Community's recommend method based on online soft-constraint LDA algorithm
Technical field
The present invention relates to personalized recommendation method, particularly a kind of community's recommend method based on online soft-constraint LDA algorithm.
Background technology
In recent years, community network was large quantities of emerges in large numbers.These webpages provide the instrument of setting up community for the user, make users with a common goal to flock together, and share their information of interest mutually.Could can users produce fascination in the face of the community of various theme of magnanimity, how the interested community of efficient selection oneself along with increasing fast of this social network service? so a very important techniques is recommended to become gradually by community.

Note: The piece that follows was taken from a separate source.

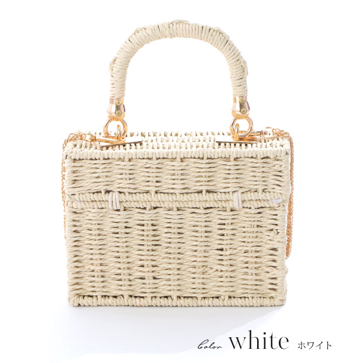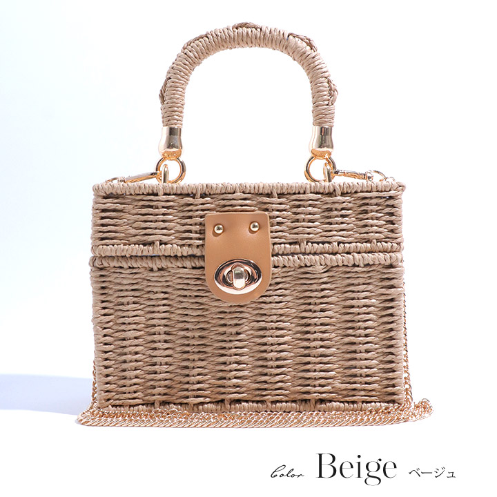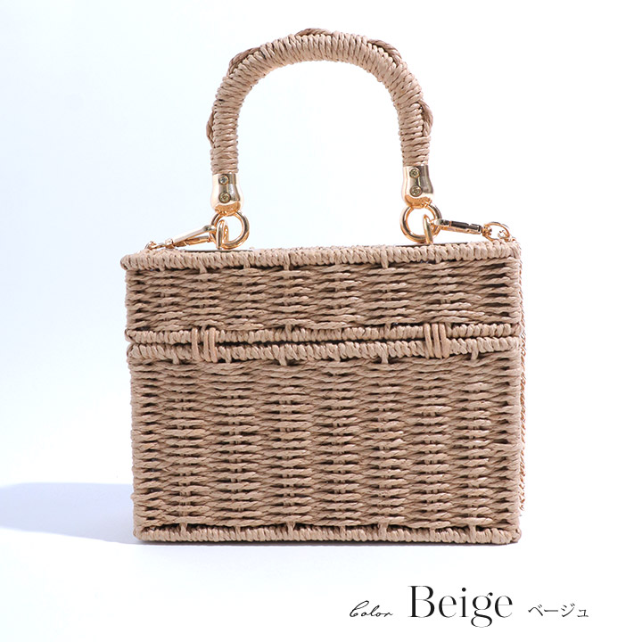 【ビキニ】【水着小物:ビーチバッグ】ショルダーチェーン付き/ ランタン編み/ スクエアかごバッグ[YMT]

Common personalized recommendation method has two kinds at present: a kind of recommend method that is based on content, a kind of is collaborative the recommendation.Content-based recommend method utilizes every user that the comment or the voting behavior of object are trained a preference pattern for this user earlier, and then a new object that utilizes this preference pattern to recommend him to be most interested in to the user.Collaborative recommendation is to be based upon on the basis of following hypothesis: similar user has identical hobby.When using collaborative method of recommending to give user's recommended, only need hobby with reference to the user similar to this user.Therefore this method does not need to obtain the content information of object, can recommend under the situation of shortage to the description of object.
In the algorithm that present existing community is recommended, two kinds of well-known methods based on collaborative recommendation are arranged: the LDA method of ARM method and two-value.There are how many overlapping users to calculate intercommunal mutual relationship between the different communities of ARM method utilization.The LDA method of two-value is calculated intercommunal potential theme by community-user's co-occurrence matrix.These two kinds of methods run into easily because over-fitting phenomenon that restriction caused and the huge problem of calculated amount that data are observed.And these two kinds of methods have all been ignored the user and intercommunal relation is strong and weak, can not handle initiate user.
Summary of the invention
The objective of the invention is to, solve that existing community recommend method is run into easily because over-fitting phenomenon that restriction caused and the huge problem of calculated amount that data are observed.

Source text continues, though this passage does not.